When retrieving Tetragon events from the gRPC endpoint using tetra CLI, tetra CLI breaks occasionally with the following error message:

kubectl exec -it -n kube-system ds/tetragon -c tetragon -- tetra getevents -o compact -n default

time="xxx" level=fatal msg="Failed to receive events" error="rpc error: code = Internal desc = grpc: error while marshaling: string field contains invalid UTF-8" command terminated with exit code 1

For example: :boom: exit default/dind /usr/local/bin/dockerd --host=unix:///var/run/docker.sock --host=tcp://0.0.0.0:2376 --tlsverify --tlscacert /certs/server/ca.pem --tlscert /certs/server/cert.pem --tlskey /certs/server/key.pem 253 :electric_plug: connect default/dind /usr/local/bin/dockerd tcp 10.0.5.148:42774 -> 34.205.13.154:443 :rocket: process default/dind /usr/local/bin/runc --log /var/lib/docker/buildkit/executor/runc-log.json --log-format json run --bundle /var/lib/docker/buildkit/executor/tyvqwqdjam33m7564no4hhirw tyvqwqdjam33m7564no4hhirw time="2023-07-25T00:40:17Z" level=fatal msg="Failed to receive events" error="rpc error: code = Internal desc = grpc: error while marshaling: string field contains invalid UTF-8" command terminated with exit code 1

Repro Steps

Please follow these steps to repro the error scenario.
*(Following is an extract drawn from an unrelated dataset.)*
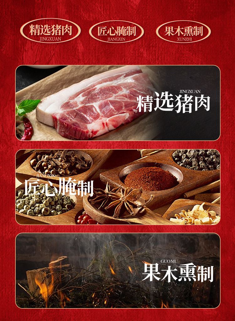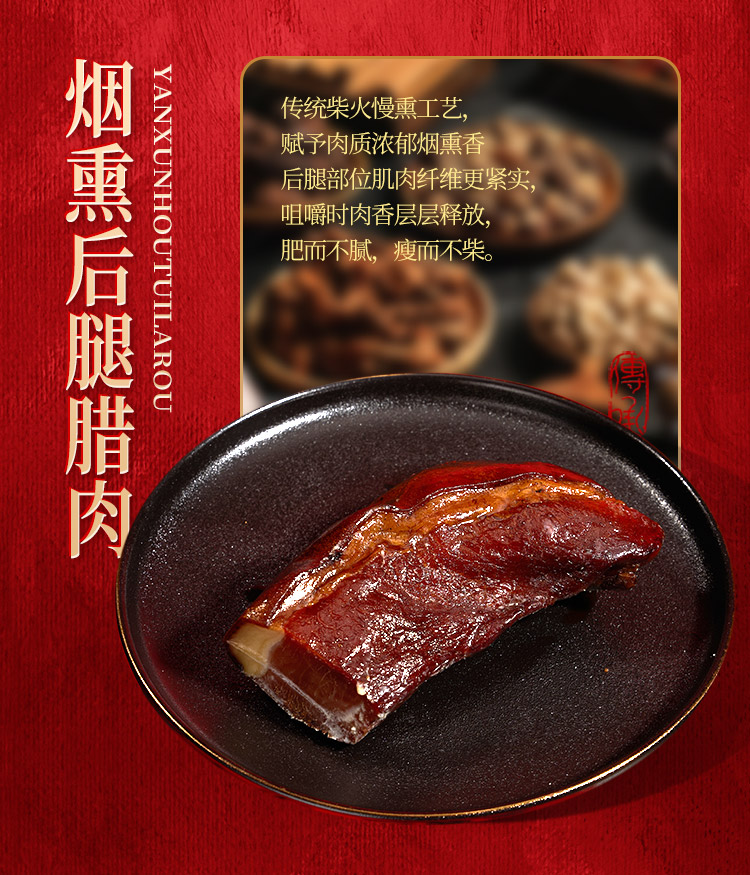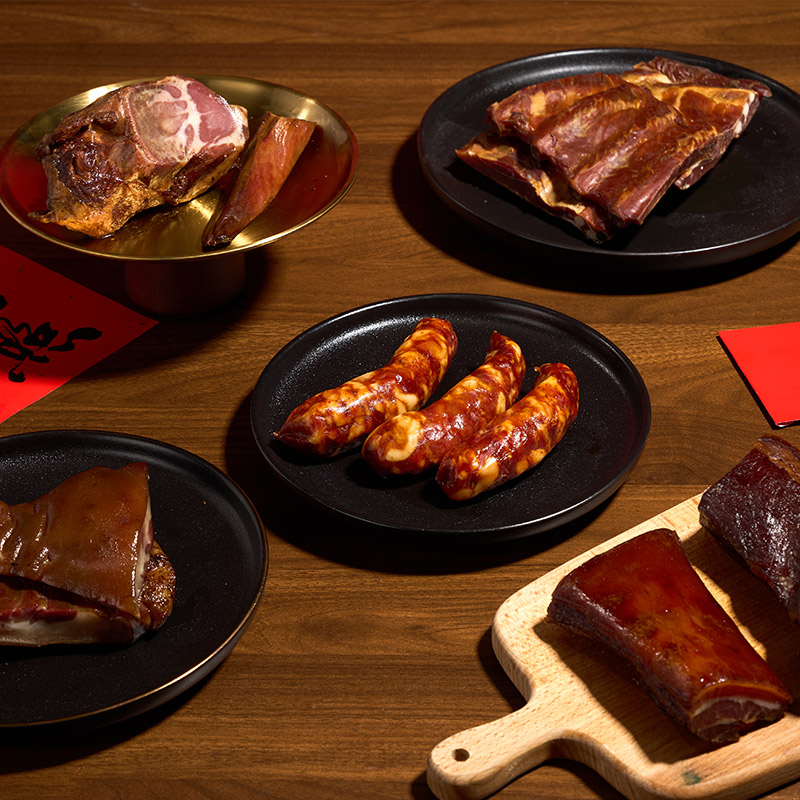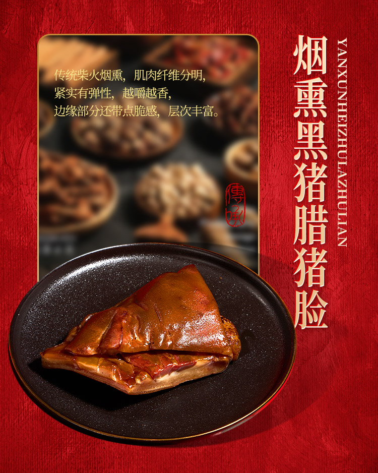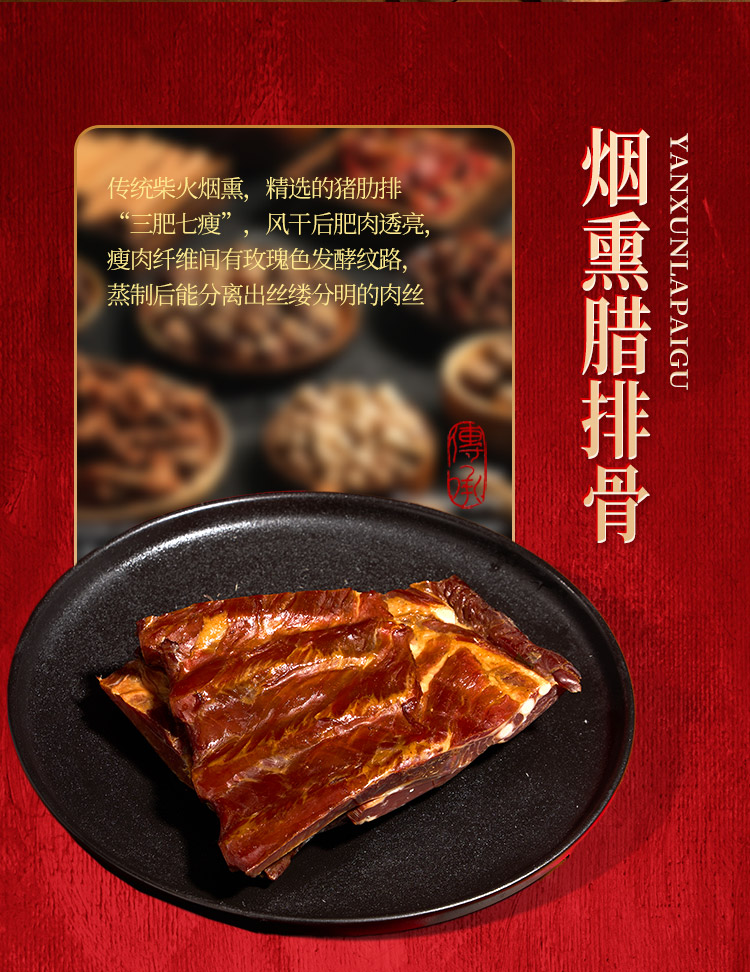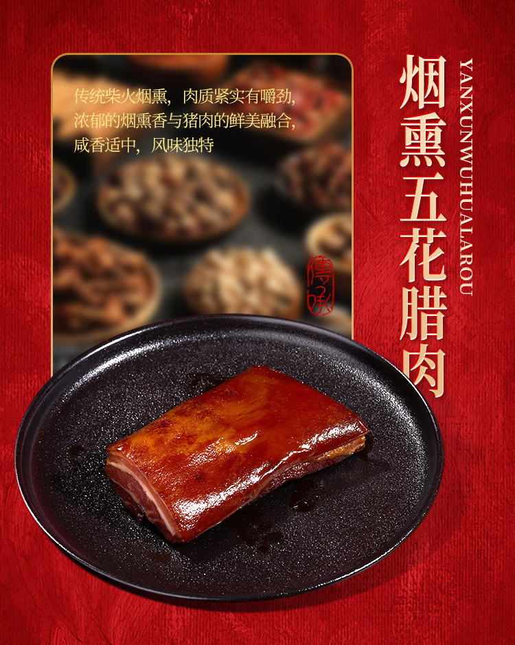 烟熏腊排骨300g 烟熏后腿腊肉200g 烟熏五花腊肉200g 烟熏黑猪腊猪舌200g 烟熏黑猪腊猪脸200g 麻辣香肠200g 香辣香肠200g 广味香肠200g

These steps work for me on AWS EKS.

Configure Tetragon and start listening for events

helm repo add cilium https://helm.cilium.io/
helm install tetragon cilium/tetragon --version 0.10.0 -n kube-system
kubectl rollout status -n kube-system ds/tetragon -w
kubectl create -f https://raw.githubusercontent.com/ashishkurmi/golang-container-demo/main/tcp_connect.yaml
kubectl exec -it -n kube-system ds/tetragon -c tetragon -- tetra getevents -o compact -n default

Generate Tetragon error events

kubectl create -f https://raw.githubusercontent.com/ashishkurmi/golang-container-demo/main/pod.yaml
kubectl exec --stdin --tty dind -- /bin/sh
apk update && apk add git
git clone https://github.com/ashishkurmi/golang-container-demo.git
cd golang-container-demo
docker build .

You can run docker build . multiple times in the pod. For me, it consistently generates the error scenario.

Tetragon Version

0.10.0

Kernel Version

Linux ip-10-0-51-149.us-west-2.compute.internal 5.10.184-175.731.amzn2.x86_64 #1 SMP Tue Jun 27 21:48:55 UTC 2023 x86_64 Linux

Kubernetes Version

Server Version: version.Info{Major:"1", Minor:"27+", GitVersion:"v1.27.3-eks-a5565ad", GitCommit:"78c8293d1c65e8a153bf3c03802ab9358c0e1a14", GitTreeState:"clean", BuildDate:"2023-06-16T17:32:40Z", GoVersion:"go1.20.5", Compiler:"gc", Platform:"linux/amd64"}

Bugtool

No response

Relevant log output

Output of tetra CLI
 exec -it -n kube-system ds/tetragon -c tetragon -- tetra getevents -o compact -n default

:boom: exit    default/dind /usr/local/bin/dockerd --host=unix:///var/run/docker.sock --host=tcp://0.0.0.0:2376 --tlsverify --tlscacert /certs/server/ca.pem --tlscert /certs/server/cert.pem --tlskey /certs/server/key.pem 253
:electric_plug: connect default/dind /usr/local/bin/dockerd tcp 10.0.5.148:42774 -> 34.205.13.154:443
:rocket: process default/dind /usr/local/bin/runc --log /var/lib/docker/buildkit/executor/runc-log.json --log-format json run --bundle /var/lib/docker/buildkit/executor/tyvqwqdjam33m7564no4hhirw tyvqwqdjam33m7564no4hhirw
time="2023-07-25T00:40:17Z" level=fatal msg="Failed to receive events" error="rpc error: code = Internal desc = grpc: error while marshaling: string field contains invalid UTF-8"
command terminated with exit code 1

Anything else?

No response

kkourt commented 1 year ago

Hi,

Based on the issue description, I believe this might have been fixed by https://github.com/cilium/tetragon/pull/1282. Could you try the latest image (quay.io/cilium/tetragon-ci:latest) and see if it fixes the issue?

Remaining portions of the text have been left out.